_WORK INSTRUCTION:_
Your reply should hold every record exactly as given, with no pictures in it.

[Opening EXCERPTED DATA section]

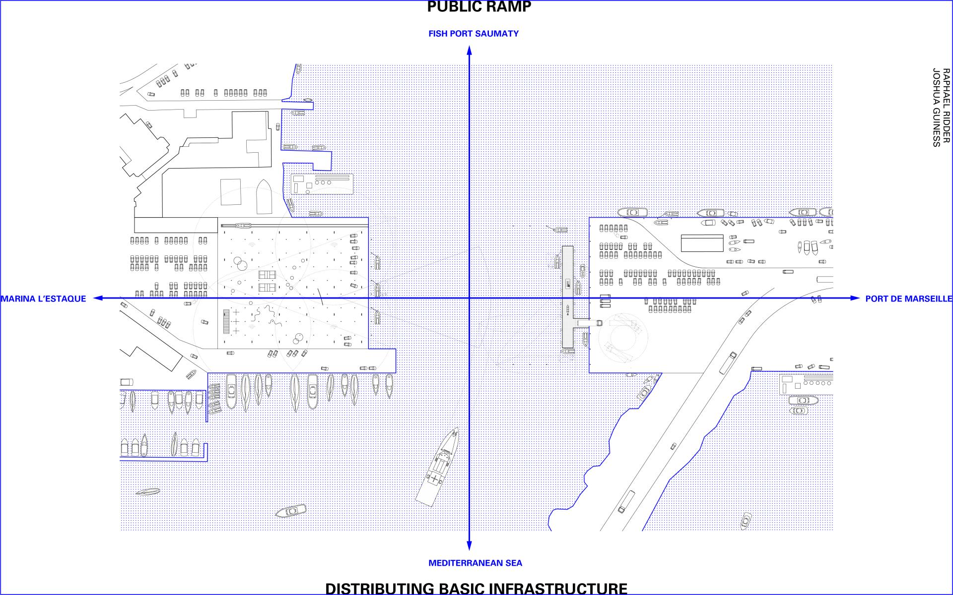 The former fish port is envisioned as a vivid public waterfront with a mix of different uses and a gradient of accessibility. From simple leisure activity, to low-tech recreational use, to highly sophisticated scientific research, the common denominator cutting across social groups and milieus is the resource at the heart of this place: water. Here, the condition of neglect and indifference to the center of the city that characterises so many of former industrial sites along the coast is converted into a quality. It is this vacuum of usage that allows the site to be re-imagined. Alongside the ecological research center, small scale industry and marine technology development co-exist with leisure ship docks. Labour and domesticity intertwine, industrial use and nature mix, and hard-core functional infrastructure meets vast open space and freedom. In re-defining the relationship with its immediate surroundings, two interventions are placed on both sides of the water, establishing a vis-á-vis between the small town of L’Estaque and the port of Marseille. On the side of the small town’s marina, the public ground slopes into the water, creating a concrete beach that can be appropriated through a variety of activities. Different infrastructural plug-ins are equally distributed over the ground, providing water access, electricity, lighting, and internet coverage. On the other side, the marine research center hovers above the water as a translucent screen. The large, publicly accessible slope becomes a space of encounter for nearby communities, establishing a direct connection between the local society and the global relevance of water as a natural resource. By juxtaposing the local and the global, the access to infrastructure and the waterfront are made tangible as common goods open for negotiation.
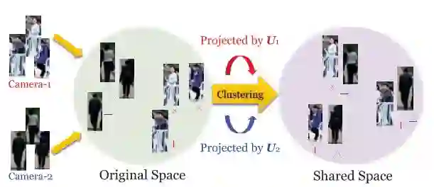 图1. 描述了特定干扰/偏差的视图以及本文思想。 来自不同相机的图像受到视图特定的干扰,例如Camera-1中的遮挡,Camera-2中的暗淡照明以及它们之间的视点变化。这些因素在原始特征空间中引入了偏差,因此无监督的重新识别极具挑战性。 本文模型通过聚类和联合学习特定视图的投影来构建数据,从而找到一个共享空间,其中视图特定偏差得意减小且得到更好的效果。
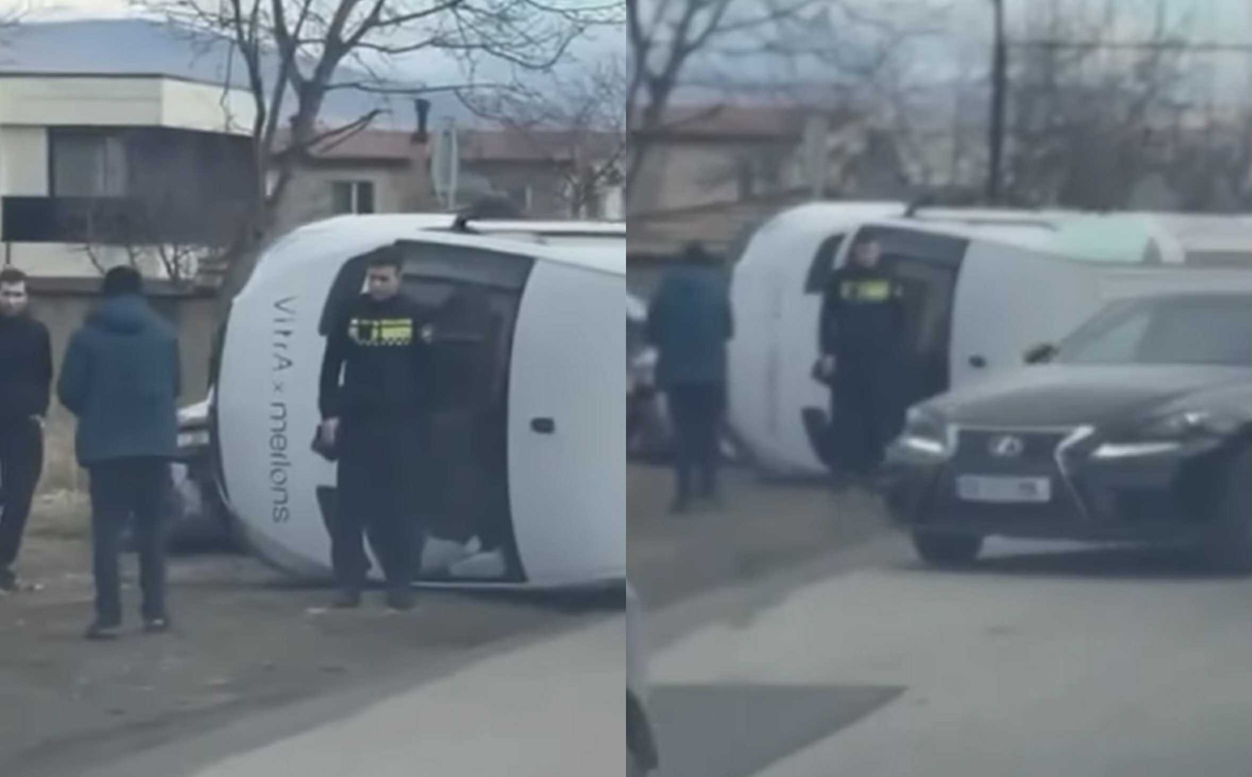 თბილისში მიკროავტობუსი ამობრუნდა – რა კადრები ვრცელდება ადგილიდან
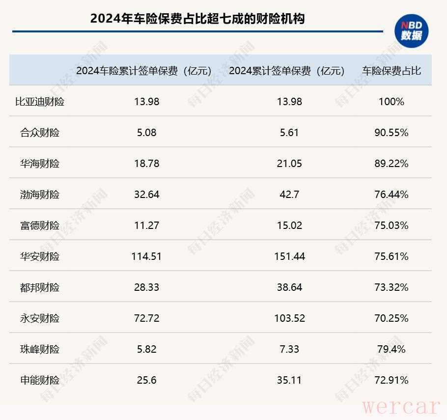 合众财险、比亚迪财险等10家机构车险保费占比超过70%
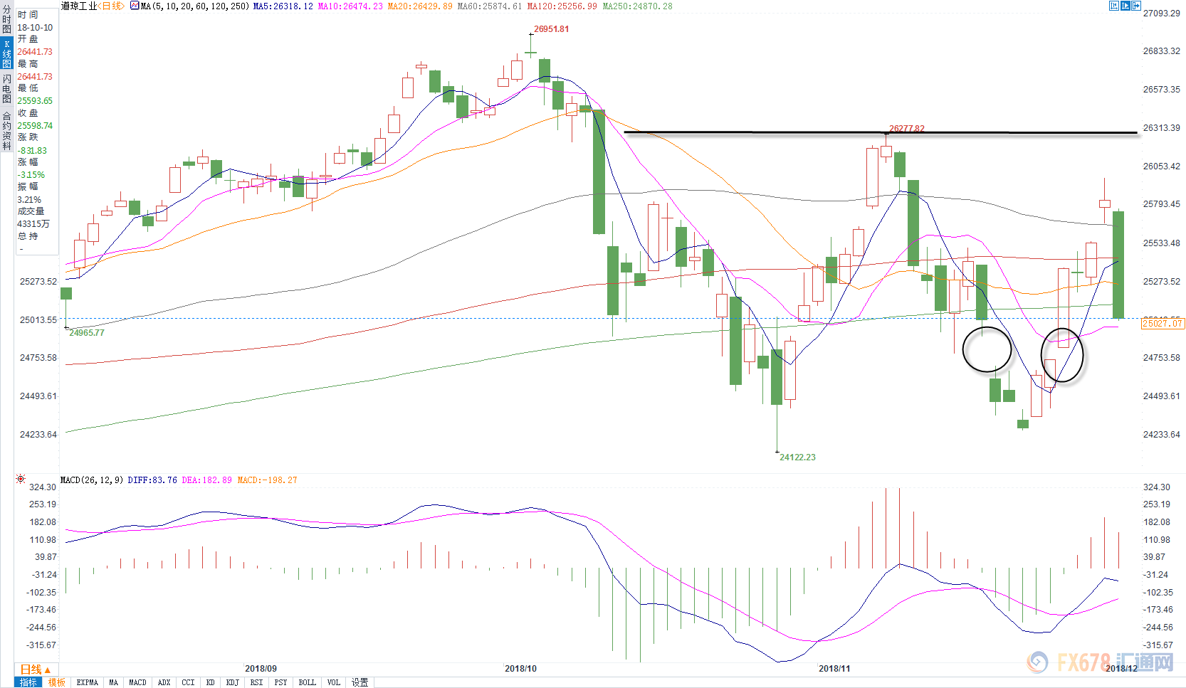 nload=imgresize(this); >从道琼斯日图级别来看,上方有明显的颈线位压制,一旦突破就形成W底,行情将继续向上。昨日的长黑表明了上方的压力巨大,想要突破难度较大,这说明美股想要重新走牛没有那么简单。从均线来看,均线系统无序排列,表明行情相对纠结,没有趋势可言。从K线来看,G20缺口直接越过60天线,必定会再次回落到60天线下方。但是,昨天的回落直接回补多方缺口,表明缺口无效,后市将继续延续前期走势的基调。狮子金融认为,在上周,K线有形成岛型反转向上,只要不回补这个缺口,行情还有继续震荡向上的机会,一旦回补,行情就还有创新低的机会。
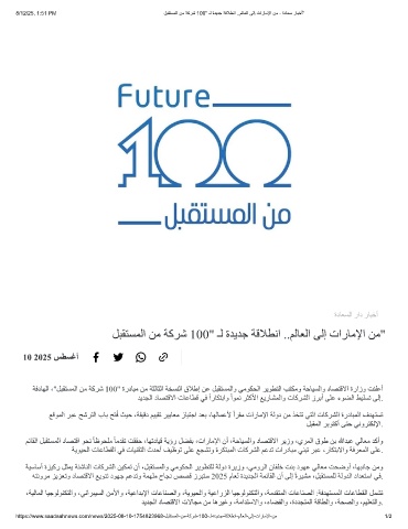 8/12/25, 1:51 PM لﺑﻘﺗﺳﻣﻟا نﻣ ﺔﻛرﺷ 100" ـﻟ ةدﯾدﺟ ﺔﻗﻼطﻧا ..مﻟﺎﻌﻟا ﻰﻟإ تارﺎﻣﻹا نﻣ - ةدﺎﻌﺳ رﺎﺑﺧأ"
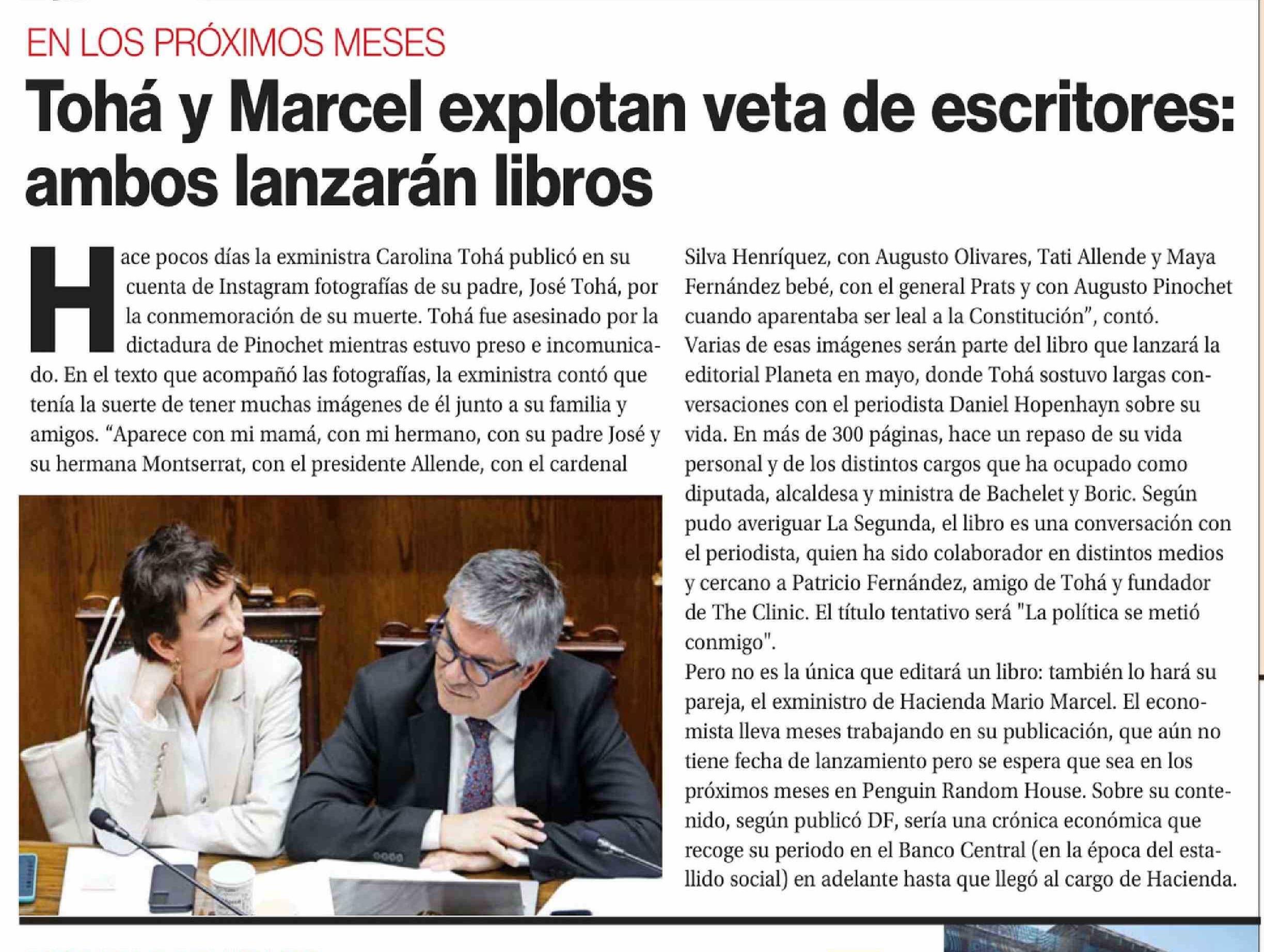 Tohá y Marcel explotan veta de escritores: ambos lanzarán libros 18-03-2026 La Segunda |
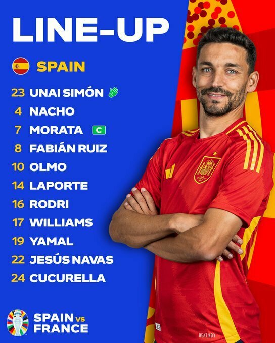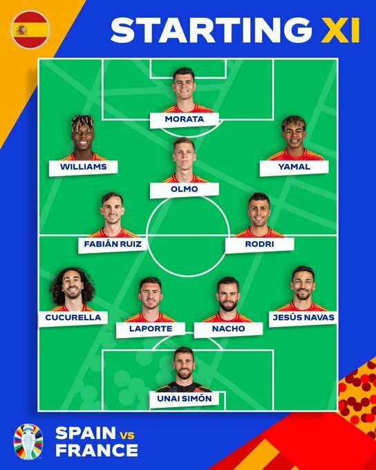Іспанія: Сімон – Кукурелья, Лапорт, Фернандес, Навас (Вівіан, 57) – Руїс, Родрі – Вільямс (Субіменді, 90+4), Ольмо (Меріно, 76), Ямал (Торрес, 90+4) – Мората (Оярсабаль, 76).
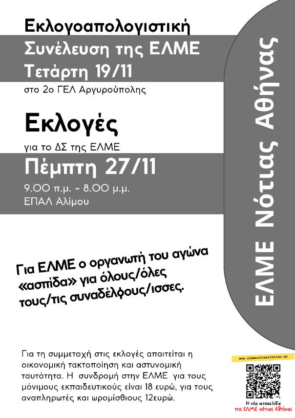 Το ΔΣ της ΕΛΜΕ σας καλεί όλους/ες στην

[Closing EXCERPTED DATA section]

_REPLY TO THE TASK:_
 The former fish port is envisioned as a vivid public waterfront with a mix of different uses and a gradient of accessibility. From simple leisure activity, to low-tech recreational use, to highly sophisticated scientific research, the common denominator cutting across social groups and milieus is the resource at the heart of this place: water. Here, the condition of neglect and indifference to the center of the city that characterises so many of former industrial sites along the coast is converted into a quality. It is this vacuum of usage that allows the site to be re-imagined. Alongside the ecological research center, small scale industry and marine technology development co-exist with leisure ship docks. Labour and domesticity intertwine, industrial use and nature mix, and hard-core functional infrastructure meets vast open space and freedom. In re-defining the relationship with its immediate surroundings, two interventions are placed on both sides of the water, establishing a vis-á-vis between the small town of L’Estaque and the port of Marseille. On the side of the small town’s marina, the public ground slopes into the water, creating a concrete beach that can be appropriated through a variety of activities. Different infrastructural plug-ins are equally distributed over the ground, providing water access, electricity, lighting, and internet coverage. On the other side, the marine research center hovers above the water as a translucent screen. The large, publicly accessible slope becomes a space of encounter for nearby communities, establishing a direct connection between the local society and the global relevance of water as a natural resource. By juxtaposing the local and the global, the access to infrastructure and the waterfront are made tangible as common goods open for negotiation.
 图1. 描述了特定干扰/偏差的视图以及本文思想。 来自不同相机的图像受到视图特定的干扰,例如Camera-1中的遮挡,Camera-2中的暗淡照明以及它们之间的视点变化。这些因素在原始特征空间中引入了偏差,因此无监督的重新识别极具挑战性。 本文模型通过聚类和联合学习特定视图的投影来构建数据,从而找到一个共享空间,其中视图特定偏差得意减小且得到更好的效果。
 თბილისში მიკროავტობუსი ამობრუნდა – რა კადრები ვრცელდება ადგილიდან
 合众财险、比亚迪财险等10家机构车险保费占比超过70%
 nload=imgresize(this); >从道琼斯日图级别来看,上方有明显的颈线位压制,一旦突破就形成W底,行情将继续向上。昨日的长黑表明了上方的压力巨大,想要突破难度较大,这说明美股想要重新走牛没有那么简单。从均线来看,均线系统无序排列,表明行情相对纠结,没有趋势可言。从K线来看,G20缺口直接越过60天线,必定会再次回落到60天线下方。但是,昨天的回落直接回补多方缺口,表明缺口无效,后市将继续延续前期走势的基调。狮子金融认为,在上周,K线有形成岛型反转向上,只要不回补这个缺口,行情还有继续震荡向上的机会,一旦回补,行情就还有创新低的机会。
 8/12/25, 1:51 PM لﺑﻘﺗﺳﻣﻟا نﻣ ﺔﻛرﺷ 100" ـﻟ ةدﯾدﺟ ﺔﻗﻼطﻧا ..مﻟﺎﻌﻟا ﻰﻟإ تارﺎﻣﻹا نﻣ - ةدﺎﻌﺳ رﺎﺑﺧأ"
 Tohá y Marcel explotan veta de escritores: ambos lanzarán libros 18-03-2026 La Segunda |
Іспанія: Сімон – Кукурелья, Лапорт, Фернандес, Навас (Вівіан, 57) – Руїс, Родрі – Вільямс (Субіменді, 90+4), Ольмо (Меріно, 76), Ямал (Торрес, 90+4) – Мората (Оярсабаль, 76).
 Το ΔΣ της ΕΛΜΕ σας καλεί όλους/ες στην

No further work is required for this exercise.